Blog the Twenty-ninth: On How to Broil and Eat your Fish Whole


The problem may not be the Gentiles after all.  The problem may well be modernity itself.  Commodious living has infantilized us. We eat like babies, whose food is cut up for them.

This thought dawned upon me while serving whole fish to a couple of Turkish brothers.  I’m talking native born Turks, mind you, from the seashore, no less, the one a naturalized immigrant, and the other a visitor to my table from the Black Sea.  They assured me that fish is cooked and served whole in their town, as in South Italy and South Brooklyn, but when I broiled us each a perch and presented each whole on a dinner plate, they required instruction on how best to eat it.  They were unintimidated by the fish and unembarrassed by their ignorance—which is perhaps more than I could hope for from Gentiles—but their ignorance was all the more appalling for coming from a people presumed to know food.   

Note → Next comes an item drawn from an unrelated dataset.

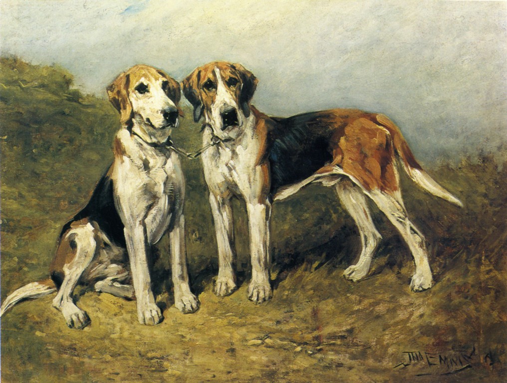 (immagini: sopra a sinistra greyhounds e in basso a destra foxhounds, entrambi progenitori del pointer)
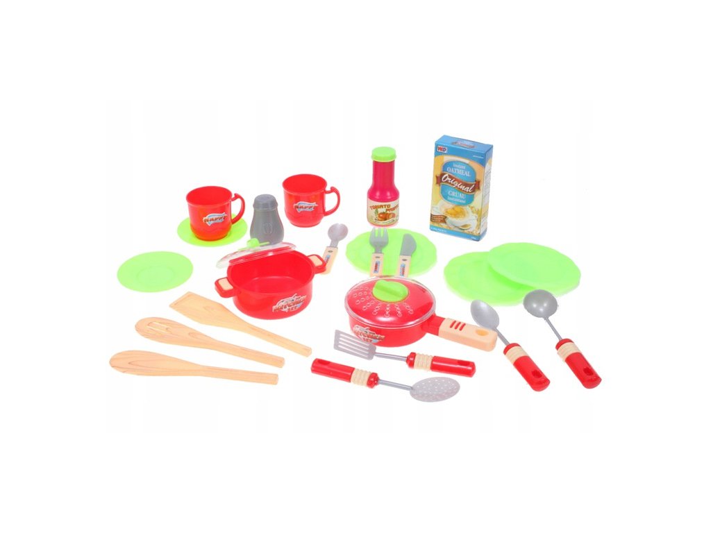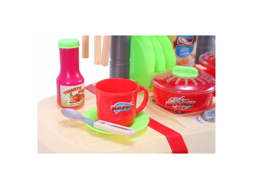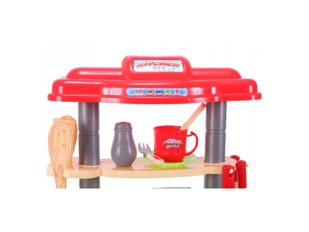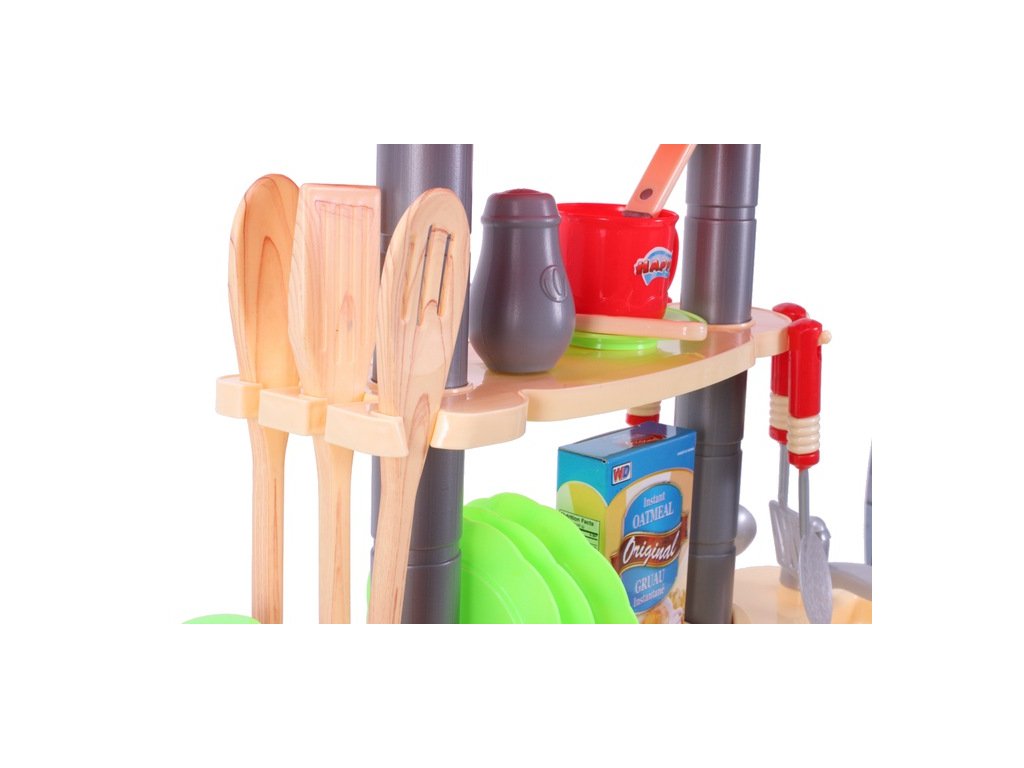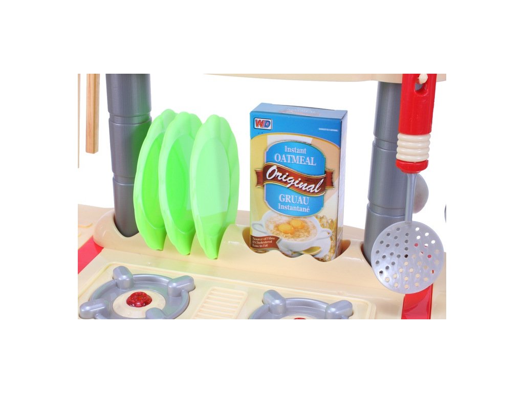 Interaktivní dětská kuchyňka Interest Kitchen se zvukovými a světelnými efekty je určena pro děti od 3 let věku. Je vybavena příslušenstvím jako jsou příbory, talíře, hrnce, imitace potravin a mnoho dalších. Vaše dítě se určitě s touto velkou kuchyňkou nudit nebude. Trouba kuchyňky je otevírací. Po otočení vypínačů se rozsvítí hořáky a spustí zvuk napodobující smažení a bublání. Je vyrobena z plastu v pestrobarevném provedení.

It was the same shock I felt when I learned that my new computer doesn’t come with instructions in words, either on paper or on screen, just little moving-frame pictorial instructions, like stain glass windows set in motion.  Has illiteracy benighted the West overnight anew?  Similarly, I feel that if Turks no longer know how to fillet their own fish at table, Judgment  must have come and gone, and I missed it.  I feel as if I can remember a verse form a minor prophet, “When the Turk of the sea must be fed his fish, that he not choke on a bone like a babe, then the end is come.”  Apocryphal prophecies never make sense, you know, until they come true.

It’s one thing for a New World Gentile not to know how to eat a fish, but a Turk, worse yet, a Greek, the ur-Westener?  Yes, I have a Greek friend too, a Greek national, mind you, abiding among us as a resident alien, and he too grew up among a people who cook and eat their fish whole, as is right and just, he avers, but he too did not know how to fillet his own at table for himself.  As you know, my use of the word Gentile has a meaning as flexible as it is broad.  I might well use it to refer to anyone outside my family; but most often I use the word as an ancient Roman would have, to refer to the peoples north of the Alps, the peoples of the milk‑pail.  But the peoples of the olive and the fig, across the sea, can’t be called Gentiles!  They are kindred, even if at one or two removes, like cousins, if not from as near as Queens or the Bronx, then Long Island.